Monday, Sep. 22, 1947
Traveling Heirlooms
PROPAGANDA s
In Philadelphia this week the U.S. would see a new kind of propaganda machine. It was streamlined, diesel-powered and air-conditioned. It rolled on rails, was painted red, white & blue, and was guarded by 27 marines. It was the seven-car "Freedom Train," a traveling museum carrying the original Bill of Rights, George Washington's copy of the Constitution and 126 other historic U.S. documents (all under bulletproof glass). After three days in Philadelphia, it would be off on a yearlong, 33,000-mile tour through all the 48 states. It would stop in 300 communities, to show U.S. citizens the heirlooms of their democratic ideals.
The Freedom Train was Attorney General Tom Clark's idea. He and a group of advertising men thought the U.S. needed an antidote for what they diagnosed as a rash of postwar cynicism, lawlessness and ideological confusion.
Although the Freedom Train has the Department of Justice as its official sponsor, it is being run and paid for by the American Heritage Foundation, a nonprofit, nonpartisan organization backed by such diverse groups as the U.S. Chamber of Commerce, the C.I.O., the A.F.L., the Loyal Order of Moose and the Girl Scouts. Estimated cost of the Freedom Train's tour: $900,000 (of which only $300,000 has yet been raised).

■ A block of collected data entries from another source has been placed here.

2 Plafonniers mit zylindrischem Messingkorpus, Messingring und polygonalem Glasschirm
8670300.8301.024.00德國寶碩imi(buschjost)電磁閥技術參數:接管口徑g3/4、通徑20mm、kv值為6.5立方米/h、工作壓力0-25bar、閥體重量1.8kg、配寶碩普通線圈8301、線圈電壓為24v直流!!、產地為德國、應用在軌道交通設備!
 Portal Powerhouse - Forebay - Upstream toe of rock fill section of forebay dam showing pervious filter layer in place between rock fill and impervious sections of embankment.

The train's backers might well have assumed that their project would be as free of criticism as the Barnum & Bailey Circus. But no; the attacks had already begun. Michigan's Congressman Clare E. Hoffman, a hard-shelled, far-right Republican, at once denounced it as a Democratic "buildup for 1948." Illinois' 81-year-old Adolph Sabath, a Democrat, complained because no copy of the Wagner Labor Act was included in the exhibits. In Henry Wallace's New Republic, Langston Hughes, Red-winged Negro poet, heaved a shrewdly aimed rock:
Who's the engineer on the Freedom Train?
Can a coal black man drive the Freedom Train?

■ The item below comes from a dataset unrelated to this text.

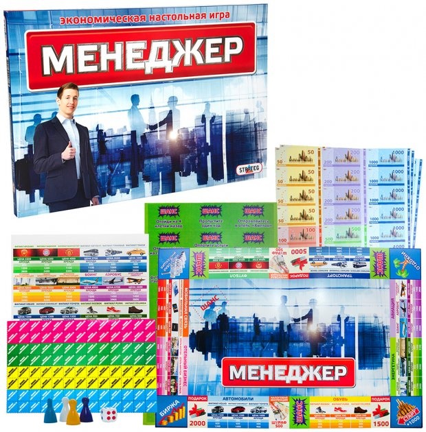 «Менеджер» (Strateg 355) – это увлекательная настольная игра, в которую с удовольствием играют с семьей и друзьями. Производитель создал игру яркой и насыщенной, такая вещь сразу привлекает внимание детей и вызывает желание быстрей приступить к делу. Игра подходит для детишек от шести лет, так как содержит мелкие детали и требует определенных навыков. В такой игре пригодятся все умения и даже больше – логика, счет, аналитика,способность мыслить стратегически, немного ловкости и хитрости, а также, конечно, необойтись без везения.

Or am I still a porter on the Freedom Train?
Is there ballot boxes on the Freedom Train?
Do colored folks vote on the Freedom Train?
When it stops in Mississippi will it be made plain
Everybody's got a right to board the Freedom Train?

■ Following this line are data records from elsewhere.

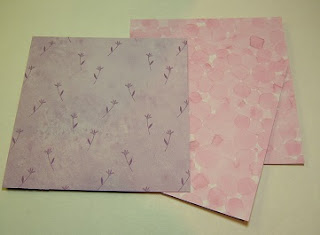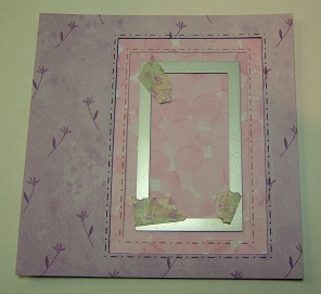 1. Create a cardbase either from a ready made one or card stock. 5.5" x 5.5" and cover the front with design paper of your choice. Here I have rounded the outside edges but this is not necessary to do.
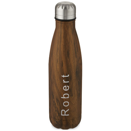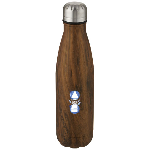 Izolowana próżniowo butelka Cove ze stali nierdzewnej o pojemności 500 ml z nadrukiem imitującym drewno / Drewno
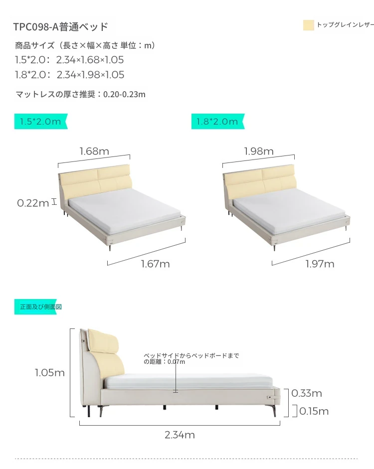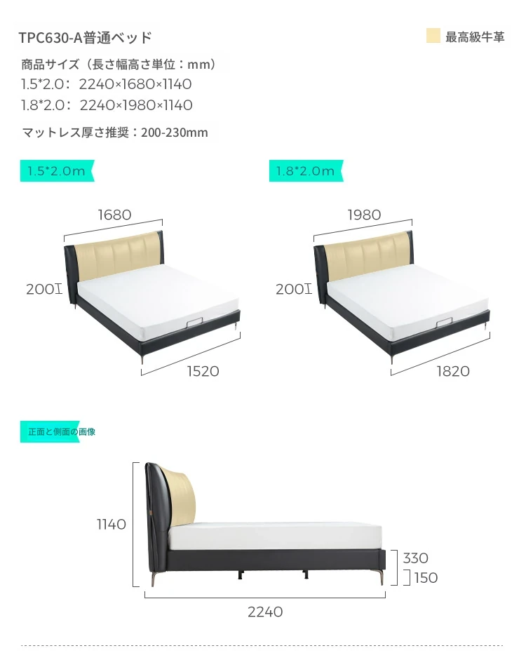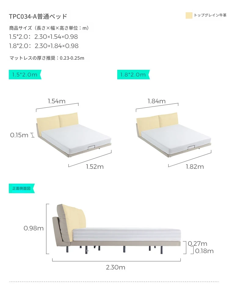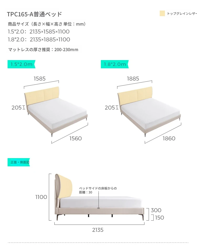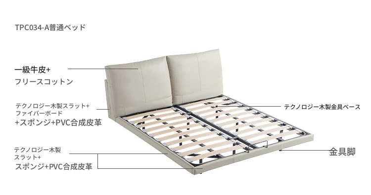 【トップグレイン牛革タイプ|ライトグレー】TPC034-A浮遊ベッド

Last week the U.S. Communist Party itself threw boulders across the track. It cooked up a ludicrous counter-propaganda scheme. The Commies could hardly come out and say they were against the Bill of Rights and the Constitution. Nor could they attack such backers of the train as Phil Murray, Bill Green or the Girl Scouts. So, in a memo from the party's educational headquarters, district leaders were instructed to tell whoever would listen that the "key backers" of the Freedom Train are "reactionary big businessmen" with a "demagogic purpose." Leaders were told to organize tours through the train only under "prominent progressives."
Said the New York Daily News: "Only one thing surprises us about the Reds' bleats. That is that anybody should be surprised."